__Brief__: Any picture in the data below gets skipped; print all the rest exactly.

__Dataset content__:
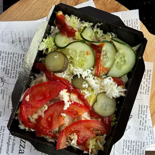 Сочное куриное филе, пекинский салат, свежие помидоры, маринованные огурчики, лук маринованный, картофель фри, фирменный чесночный соус,пшеничная лепешка.
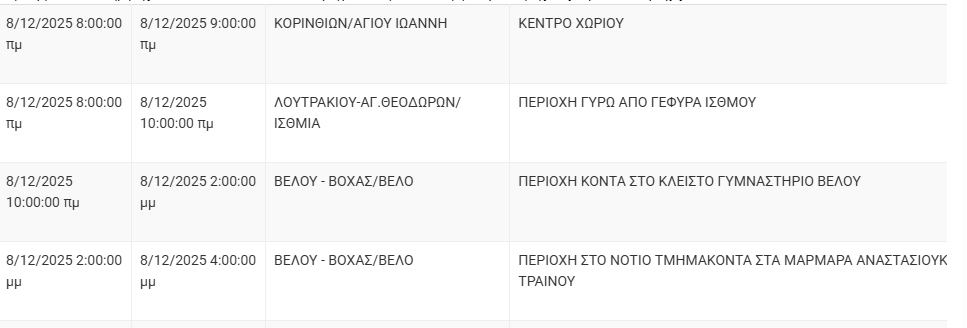 Από τον ΔΕΔΔΗΕ Κορίνθου αναφέρεται: «Λόγω εργασιών συντήρησης του Δικτύου του ΔΕΔΔΗΕ θα πραγματοποιηθεί διακοπή ηλεκτροδότησης στις παρακάτω περιοχές:
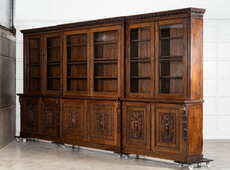 English Carved Oak Breakfront Glazed Bookcase, 1870s
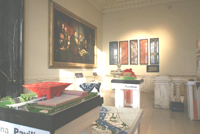 策展时,在画幅下方安放了一组2010年上海世博会的模型——中国馆小模型和英国馆模型。平面图景讲述着世博会的过去,立体模型憧憬着世博会的未来,展览利用视觉将时间、空间交织在一起。

__Result for this exercise__:
 Сочное куриное филе, пекинский салат, свежие помидоры, маринованные огурчики, лук маринованный, картофель фри, фирменный чесночный соус,пшеничная лепешка.
 Από τον ΔΕΔΔΗΕ Κορίνθου αναφέρεται: «Λόγω εργασιών συντήρησης του Δικτύου του ΔΕΔΔΗΕ θα πραγματοποιηθεί διακοπή ηλεκτροδότησης στις παρακάτω περιοχές:
 English Carved Oak Breakfront Glazed Bookcase, 1870s
 策展时,在画幅下方安放了一组2010年上海世博会的模型——中国馆小模型和英国馆模型。平面图景讲述着世博会的过去,立体模型憧憬着世博会的未来,展览利用视觉将时间、空间交织在一起。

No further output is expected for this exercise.